Step 2: Calculate the number of combinations with no repeats. There are 10 choices for the first digit, 9 choices for the second digit (as it cannot be the same as the first), 8 choices for the third digit (as it cannot be the same as the first two), and 7 choices for the fourth digit (as it cannot be the same as the first three). So the total number of combinations with no repeats is 10 x 9 x 8 x 7 = 5040.
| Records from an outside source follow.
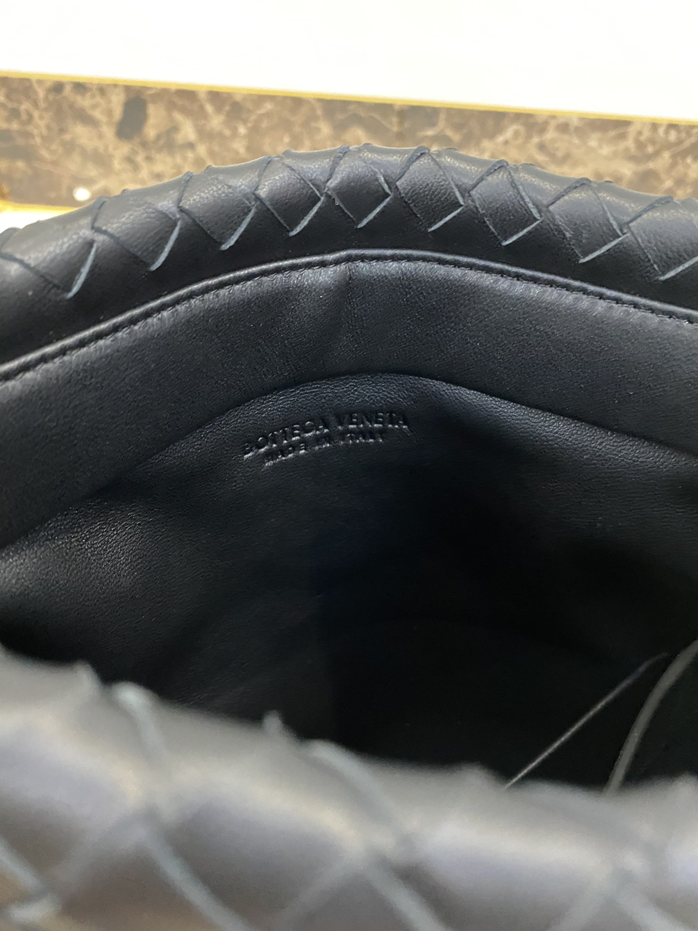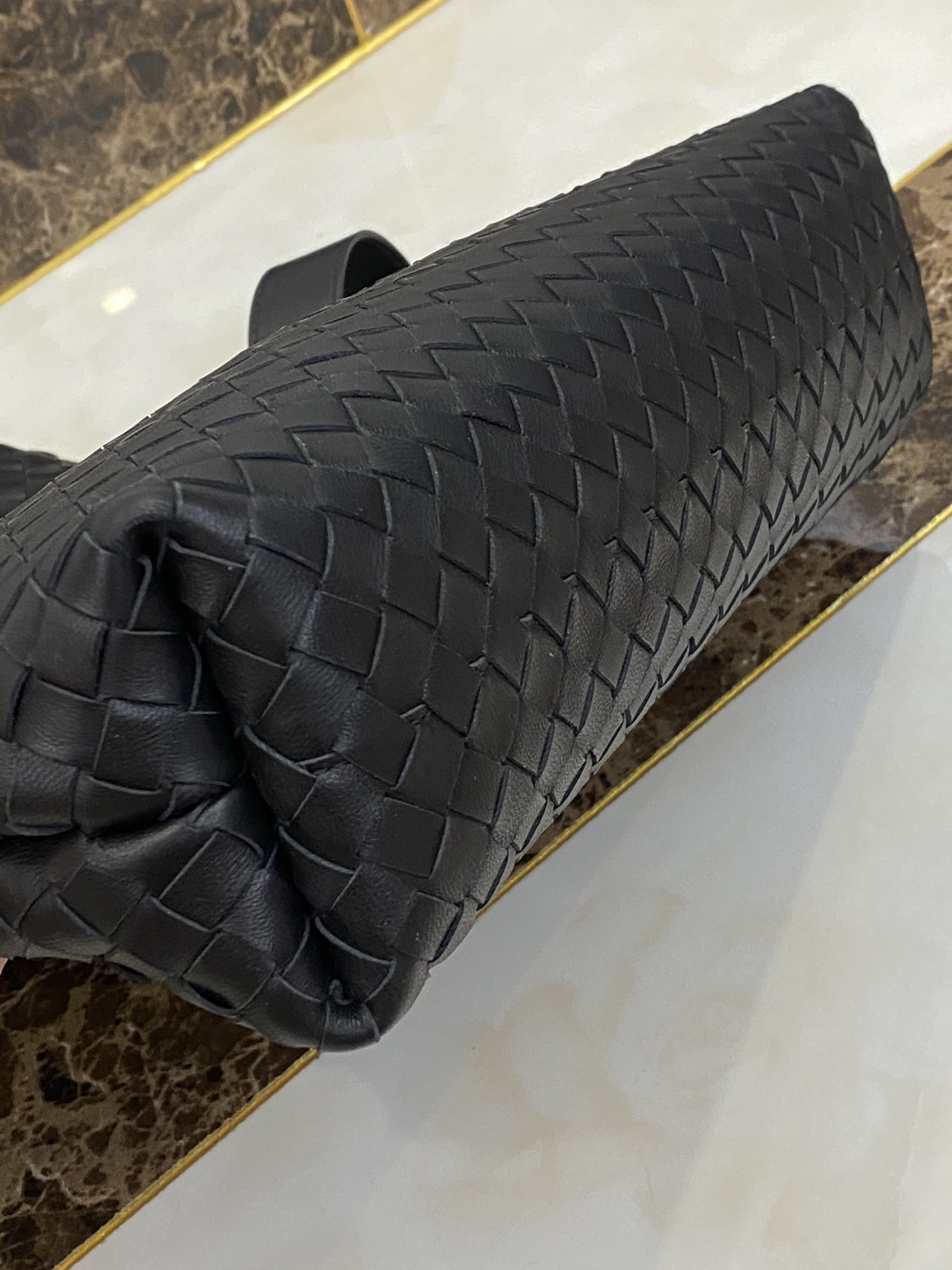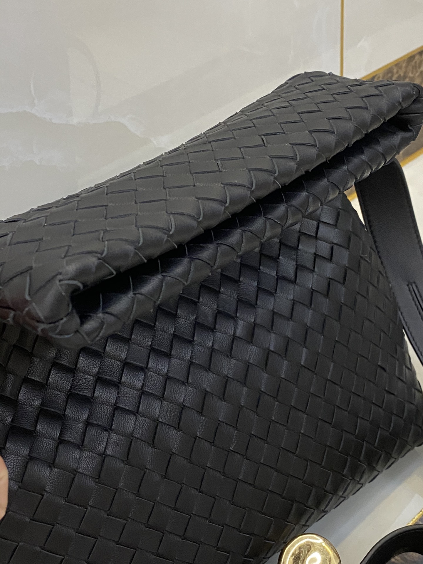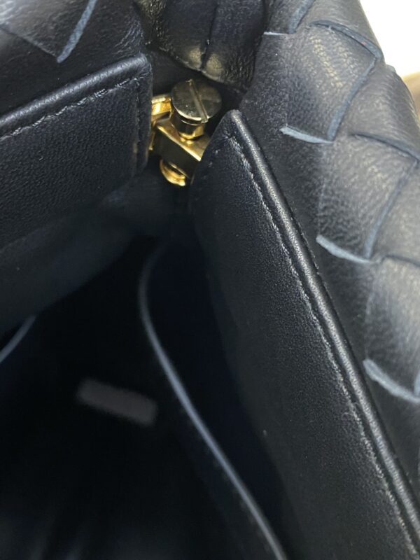 고급스러운 위빙 디자인과 독특한 금속 버튼이 조화를 이루는 숄더백입니다.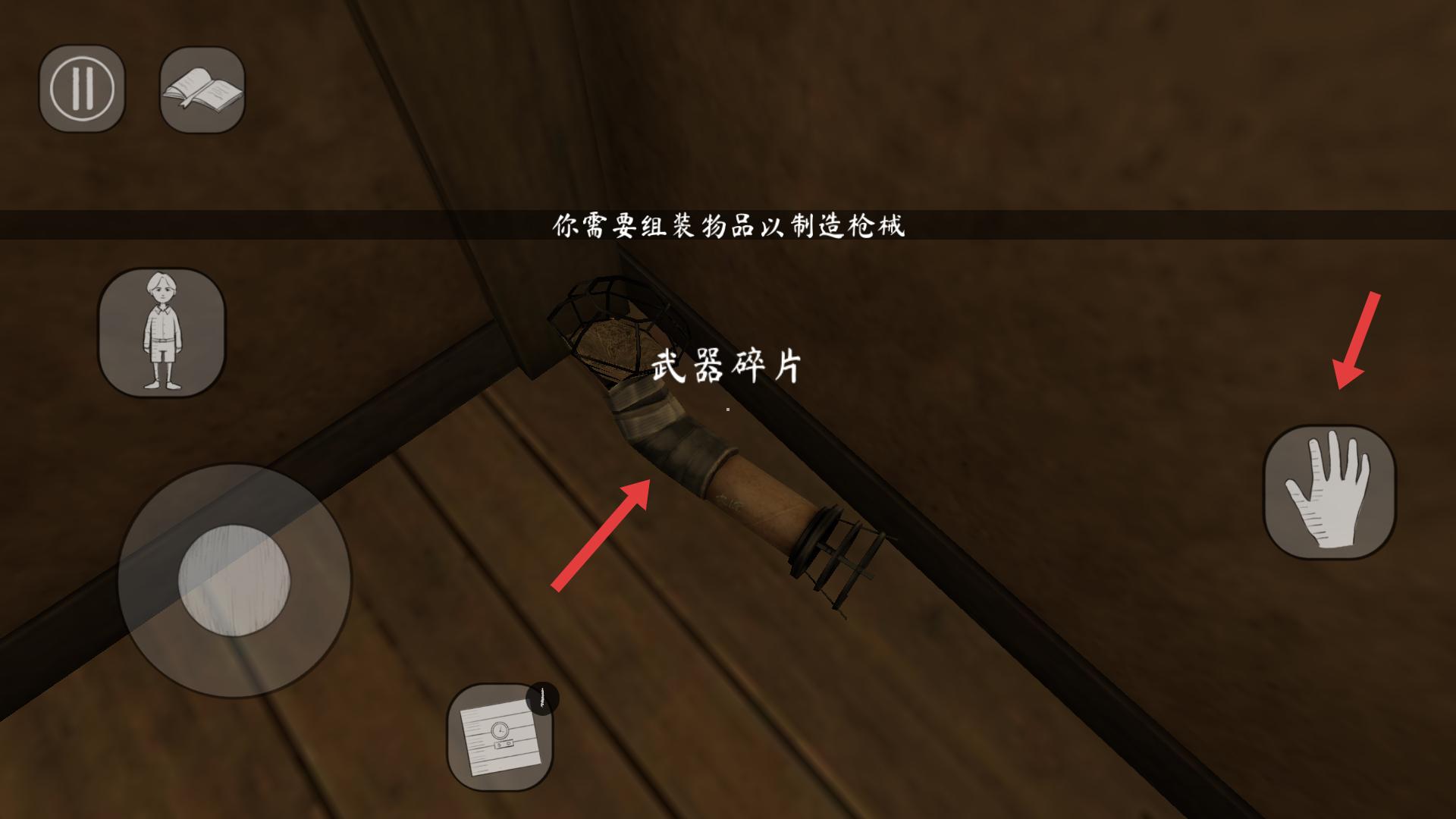 4、游戲提示需組裝物品制造槍械,看到【武器碎片】,點擊手形圖標拾取,收集武器碎片,后續用于組裝槍械,增強逃生能力。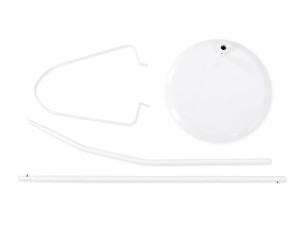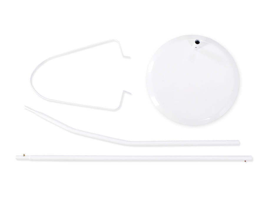 Stelaż wolnostojący jest stawiany koło łóżeczka, nie wymaga przykręcania. Składa się z dwóch rurek, połączonych ze sobą za pomocą ‘stopera-zatrzasku’. Górna rurka łączy się z owalnym drutem, na którym umieszczony zostaje baldachim. Rurka dolna łączy się z podstawą w kształcie koła, również przy pomocy ‘stopera-zatrzasku’.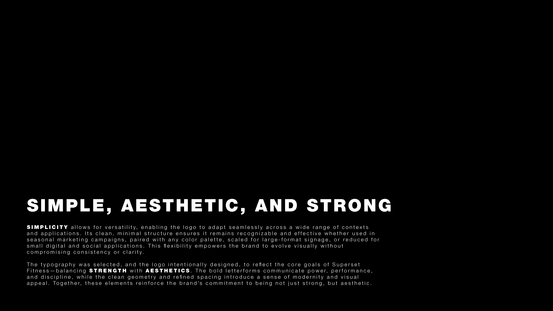 The typography was selected, and the logo intentionally designed, to reflect the core goals of Super Set Fitness: Balancing strength with aesthetics. The bold letterforms communicate power, performance, and discipline, while the clean geometry and refined spacing introduce a sense of modernity and visual appeal. Together, these elements reinforce the brand's commitment to being not just strong, but aesthetic.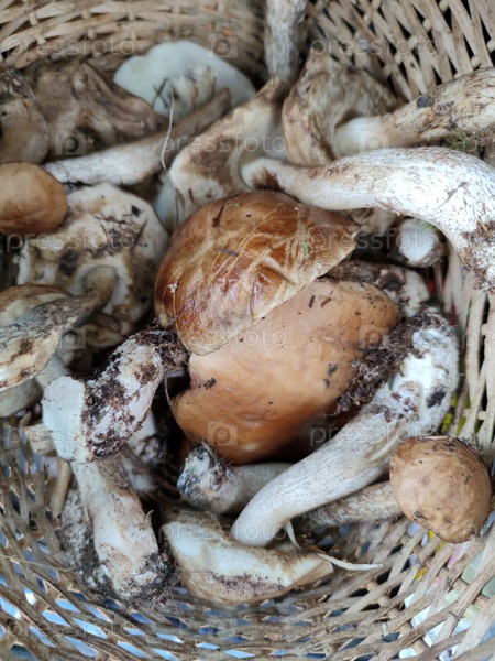 В корзине лежат белые грибы. В плетеной коричневой корзинке лежат крупные грибы с коричневой шляпкой и белой ножкой. На грибах видны следы земли и лесного мха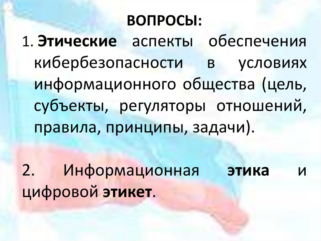 ВОПРОСЫ:1. Этические аспекты обеспечения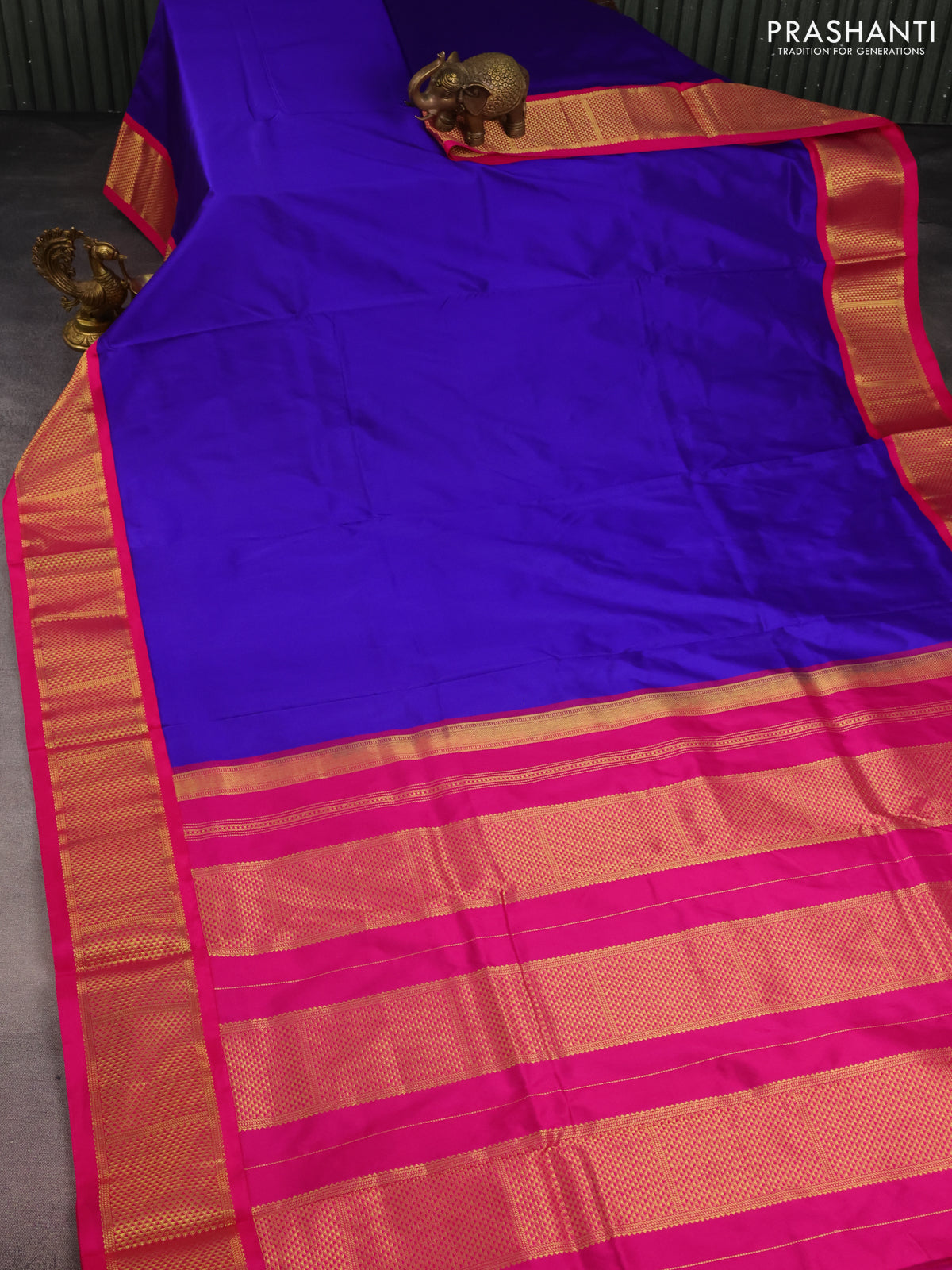 10 Yards silk saree blue and pink with plain body and zari woven border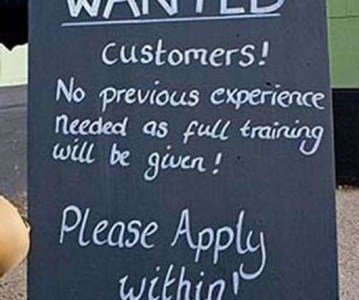 I just hope they at least believe in floors. I have a fear of falling into nothingness. Anyway, my advice is a bit more direct, “The only good customer is a paying customer.”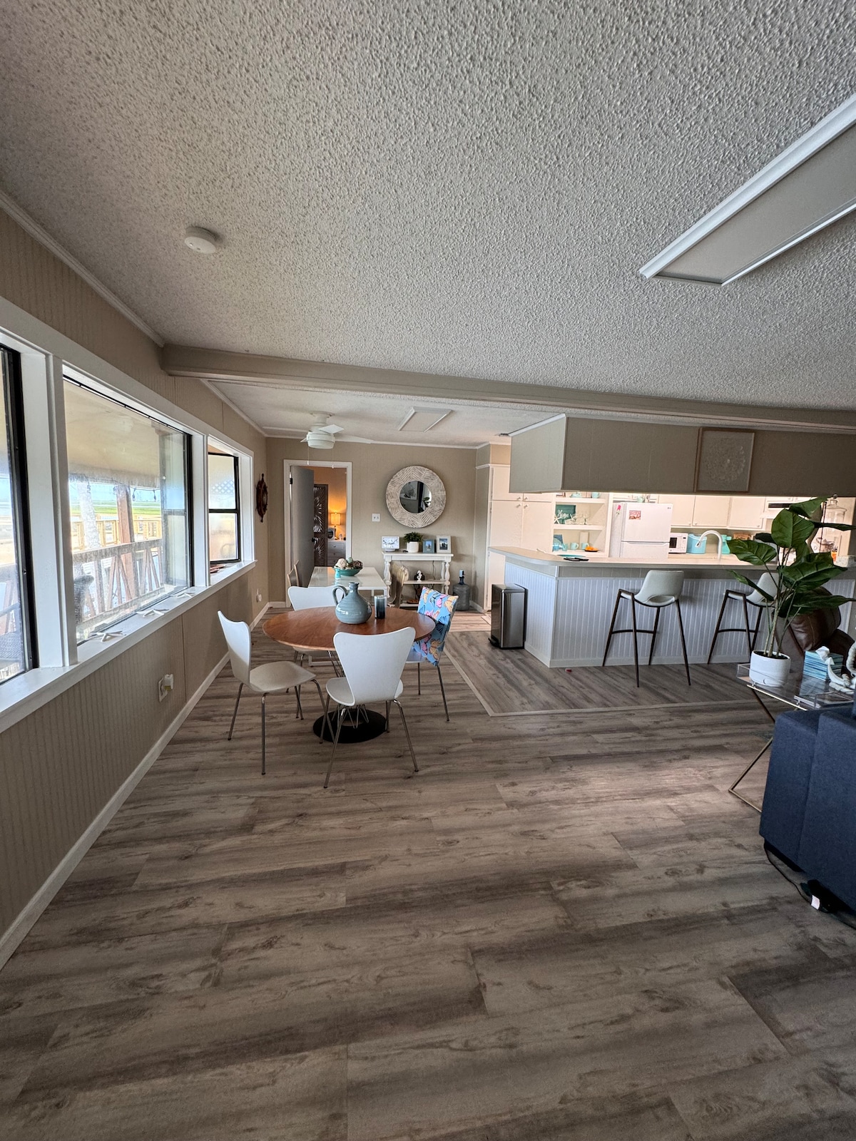 Extreem gezellige 1 slaapkamer, 1 badkamer aan het water, perfect voor koppels (max. 2 gasten). Deze rustige plek biedt een prachtig uitzicht op het water, overvloedige vogels en gemakkelijke toegang tot Galveston, Kemah, NASA en meer. Wat je geweldig zult vinden: Ontspannend Privé aanlegsteiger van twee verdiepingen om te vissen. Visserslicht van zonsondergang tot zonsopgang. Elektrische open haard. Volledig gevulde keuken Keurig voor één kopje Barbecue (gasten moeten na gebruik schoonmaken) Comfortabel queensize bed en smart-tv Kajaklancering (kajaks niet inbegrepen)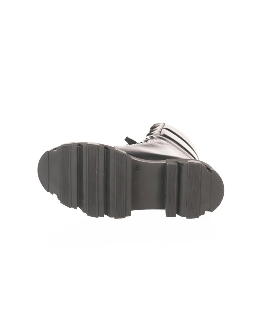 Succombez à ces sublimes et fonctionnelles bottines avec leur Cuir Noir et sa forme montante à lacets à l’ esprit rock, tendance de la saison.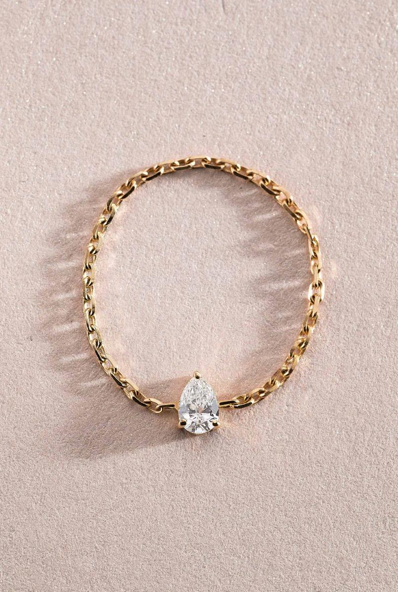 这枚戒指是舒适和坚固的结合,也是优雅和高贵的结合,其上点缀着一颗非常漂亮的0.10克拉的梨形钻石,为您的手指也增添万千光芒。钻石点缀在一条精致的黄金链条上,让戒指更加闪亮。温柔的链制戒指缠绕在您的指间,让您的每日生活都闪耀而精致。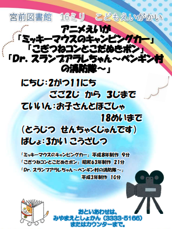 2月11日(土)「16ミリこどもえいがかい」を行います! 「ミッキーマウスのキャンピングカー」、「Dr.スランプアラレちゃん」などの懐かしい作品を16ミリで上映します。(当日先着順)みなさまのご参加をお待ちしております♪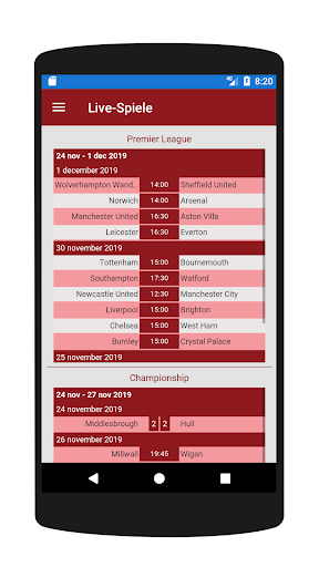 - Live-Ergebnisse: Verfolgen Sie Live-Spiele über Online-Ergebnisse und erfahren Sie alles, was im englischen Fußball passiert. Dienst ähnlich dem, der von anderen Anwendungen wie Roja Directa angeboten wird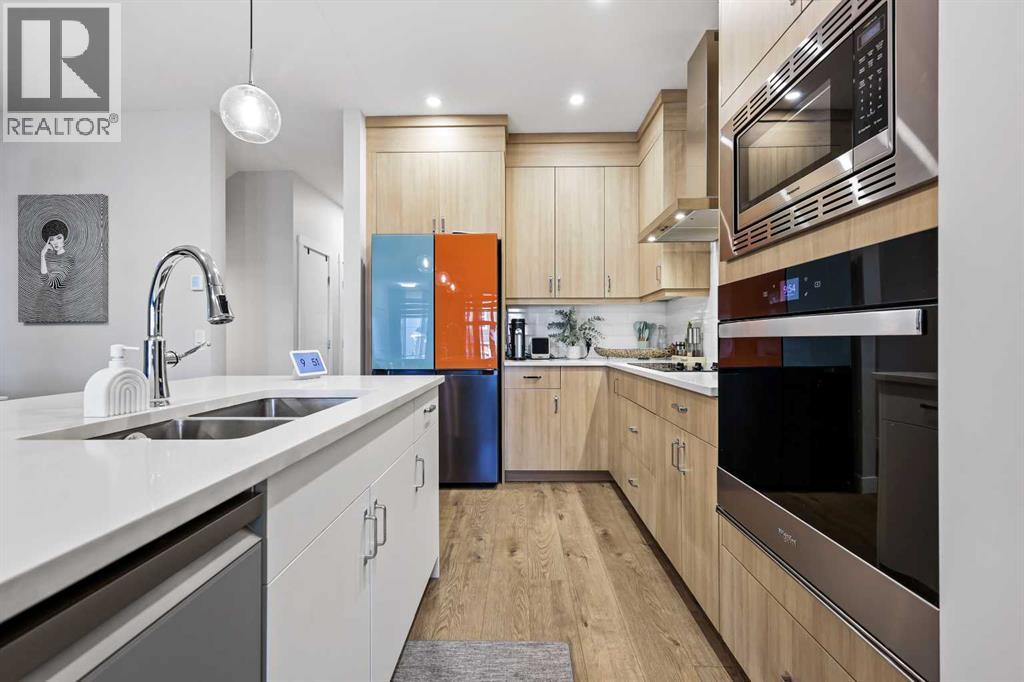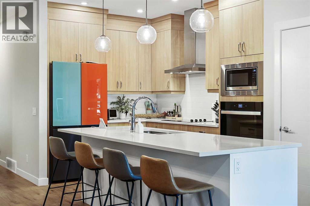 Welcome to this stunning and highly customized Brookfield 2-storey home in the vibrant, amenity-rich community of Seton — where modern design meets timeless comfort. Showcasing nearly 2,000 square feet above grade, this exceptional residence has been thoughtfully upgraded and enhanced with personalized touches that elevate its style and function. From the moment you arrive, the home’s inviting exterior, accented by rich colours, charming front porch, and architectural details, hints at the sophistication that awaits inside. Step into the main living area, where 9-foot ceilings and premium finishes create a sense of openness and warmth. The living room immediately draws your attention with its floor-to-ceiling shiplap feature wall, floating shelves, and a striking marble-inspired fireplace—a perfect blend of modern elegance and cozy character. Flowing seamlessly from the living space, the Chef’s Gourmet kitchen impresses with full-height cabinetry with rise and crown moulding, built-in wall oven and microwave, sleek cooktop with a chimney-style hood fan, and an expansive quartz island with a flush eating bar. The Arctic white tile backsplash and Blanco undermount sink add a refined finishing touch, while upgraded Cartwright lighting fixtures illuminate the space with designer flair. The dining area, brightened by an additional side window, creates the perfect setting for family meals and entertaining alike. Just beyond, a private main floor bedroom with a full three-piece ensuite featuring a glass-enclosed walk-in shower and floor-to-ceiling tile offers versatility for guests, multi-generational living, or a home office. The rear entry door, framed with encased glass, allows sunlight to sweep through the home and connect the indoors to the outdoors effortlessly. Upstairs, discover three additional spacious bedrooms, each enhanced with custom feature walls. The primary suite is a retreat of its own, showcasing a five-piece spa-inspired ensuite with dual undermount sin ks, quartz counters, and a walk-in closet. The centralized family room—perfect for movie nights—cleverly separates the primary suite from the secondary bedrooms, adding privacy and balance to the upper floor. A well-appointed laundry room with built-in counter and storage and a full bath complete this level. The lower level has been thoughtfully roughed-in for a future secondary suite (subject to approval and permitting by the city/municipality), featuring 9-foot foundation walls, rough-ins for a second laundry, kitchen plumbing, and full bathroom—a smart investment for future flexibility. Modern efficiency features include triple-glazed windows, an 80-gallon water tank, smart thermostat, Heat Recovery Ventilator, and knockdown ceilings throughout. Step outside to a beautifully finished backyard, complete with a massive covered deck—ideal for entertaining year-round—and an upgraded double detached oversized garage. (id:53676)

Step 3: Calculate the probability of getting the right sequence. The probability of getting the right sequence is the number of combinations with no repeats divided by the total number of possible combinations, which is 5040/10000 = 0.504 or 50.4%.

## Question:

A box contains 10 red marbles, 20 blue marbles and 30 green marbles, 5 marbles are drawn from the box what is the probability that (i) all will be blue? (ii) atleast one will be green?

## Answer:

(i) The probability that all 5 marbles will be blue is P(all blue) = (20/60) x (19/59) x (18/58) x (17/57) x (16/56) = 0.000717

(ii) The probability that at least one marble will be green is P(at least one green) = 1 - P(none green) = 1 - (40/60) x (39/59) x (38/58) x (37/57) x (36/56) = 0.9983

## Question:

From the employees of a company 5 persons are selected to represent them in the managing committee of the company. Particulars of five persons are as follows: S.No Name Sex Age in years 1 Harish M 30 2 Rohan M 33 3 Sheetal F 46 4 Alis F 28 5 Salim M 41 A person is selected at random from this group to act as a spokesperson. What is the probability that the spokesperson will be either male or over 35 years?

## Answer:

Step 1: Count the total number of people in the group: There are 5 people in the group.

Step 2: Count the number of males in the group: There are 3 males in the group.

Step 3: Count the number of people over 35 years in the group: There are 2 people over 35 years in the group.

Step 4: Calculate the probability: The probability that the spokesperson will be either male or over 35 years is 5/5 = 1.